By Nick Jenkins
The basis of change management is to have a clear process which everyone understands. It need not be bureaucratic or cumbersome but it should be applied universally and without fear of favour.
The basic elements of a change process are:
- What is under change control and what is excluded ?
- How are changes requested ?
- Who has the authority to approve or reject changes ?
- How are decisions upon approval or rejection are documented and disseminated ?
- How changes are implemented and their implementation recorded ?
The process should be widely understood and accepted and should be effective without being bureaucratic or prescriptive. It is important for the project team to be seen to be responsive to client needs and nothing can hurt this more than an overly-officious change control process. Change is inevitable in a project and while you need to control it you do not want to stifle it.

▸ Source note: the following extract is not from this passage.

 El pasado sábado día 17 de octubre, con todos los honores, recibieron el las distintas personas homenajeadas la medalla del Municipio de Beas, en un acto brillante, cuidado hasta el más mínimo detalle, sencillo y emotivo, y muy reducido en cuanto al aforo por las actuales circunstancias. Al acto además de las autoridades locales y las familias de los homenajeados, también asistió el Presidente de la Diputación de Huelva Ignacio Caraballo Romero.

A typical process might be as minimal as the following:
- Once a project document has been signed-off by stakeholders, a change to it requires a mandatory change request to be logged via email. The request will include the nature of the change, the reason for the change and an assessment of the urgency of the change.
- A “change control board” consisting of the development manager, test lead and a product manager will assess the issue and approve or reject each request for change. Should more information be required a member of the change control board will be assigned to research the request and report back.
- No change request should be outstanding for more than a week.
- Important or urgent requests should be escalated through the nearest member of the change control board.
- Each change which is accepted will be discussed at the weekly development meeting and a course of action decided by the group. Members of the development team will then be assigned to implement changes in their respective areas of responsibility.
If you have a flexible change request process team members can be encouraged to use it to seek additional information or clarification where they feel it would be useful to communicate issues to the whole project team.